You also have to feel for the wrestlers themselves. Imagine busting your ass in the gym, studying tape, and preparing for a massive main event spot, only to get a text message that you have been bumped down the card. It kills morale. Mexican wrestling has the most passionate, vocal fanbase on the planet, and they will absolutely let management hear about it. But Dorian Roldan and the AAA executives seemingly refuse to learn. They will survive this weekend, they will put on a crazy show, and then they will probably do the exact same thing again next month. It is the definition of insanity.

Drew McIntyre Wants to Believe

Finally, we need to address Drew McIntyre.

During a recent media blitz, the topic somehow shifted to the supernatural. Drew flat-out confirmed he believes aliens are real. He didn't hedge his bets. He didn't make a joke. He is firmly on the extraterrestrial bandwagon.

This is the exact same guy who spent the better part of a year trying to systematically destroy CM Punk's life. They just had a massive, violent collision at WrestleMania 41 in Las Vegas. Now, Drew is out here sounding like Fox Mulder.

Honestly? I love it.

Wrestlers doing media rounds can be incredibly tedious.

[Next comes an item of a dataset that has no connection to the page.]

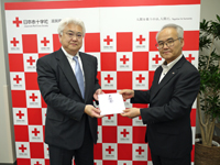 5月20日までに300万円の支援が寄せられ、5月24日、竹田理事(総務・財務・施設等担当)から日本赤十字社滋賀県支部 深尾事務局長に義援金目録が贈呈されました。

They usually stick tightly to the approved script. They talk about their upcoming match. They praise their opponent's toughness. They mention they are in the best shape of their life. It goes in one ear and out the other.

Drew refuses to do that. Drew has spent the last two years becoming the most entertaining, venomous hater in the entire industry. If you ask him a weird question, he is going to give you a weird, completely genuine answer.

Why wouldn't he believe in aliens? He works in a business where a dead man used to shoot lightning from his hands. Extraterrestrials are practically a conservative belief in the professional wrestling world.

He is so secure in his top-guy position right now that he doesn't need to put on a corporate face. His social media game is already legendary. He trolls fans relentlessly. He trolls his coworkers. This alien quote is just another piece of the puzzle that makes McIntyre one of the most compelling characters on television.

He isn't playing a character anymore. He is just a massive Scottish guy saying whatever pops into his head at any given moment.

The fans eat it up. We are in an era where authenticity draws money. Fans can smell a heavily scripted promo from a mile away. When McIntyre speaks, whether it is about breaking bones or flying saucers, you believe that he believes what he is saying. That kind of connection is rare.

Think about the psychology of a top guy in WWE right now. You are constantly under a microscope. Every word you say is analyzed on podcasts, clipped for TikTok, and debated on Reddit. Most guys clam up. They become PR robots because they are terrified of losing their spot. McIntyre went the opposite direction. He realized that the more unhinged and raw he is, the more the audience connects with him. He took the safety wheels off. Talking about aliens might seem like a goofy throwaway comment, but it is actually a brilliant indicator of his current confidence level. He knows nobody can touch him right now.

I just want him to bring this energy to television. Imagine Drew cutting a furious promo on Raw, blaming a botched interference spot on a UFO sighting. The crowd would go wild.

Between baseball-playing monsters, chaotic booking sheets, and alien-hunting heavyweights, it was a solid day on the internet. Now we just have to survive the rest of the week until Backlash.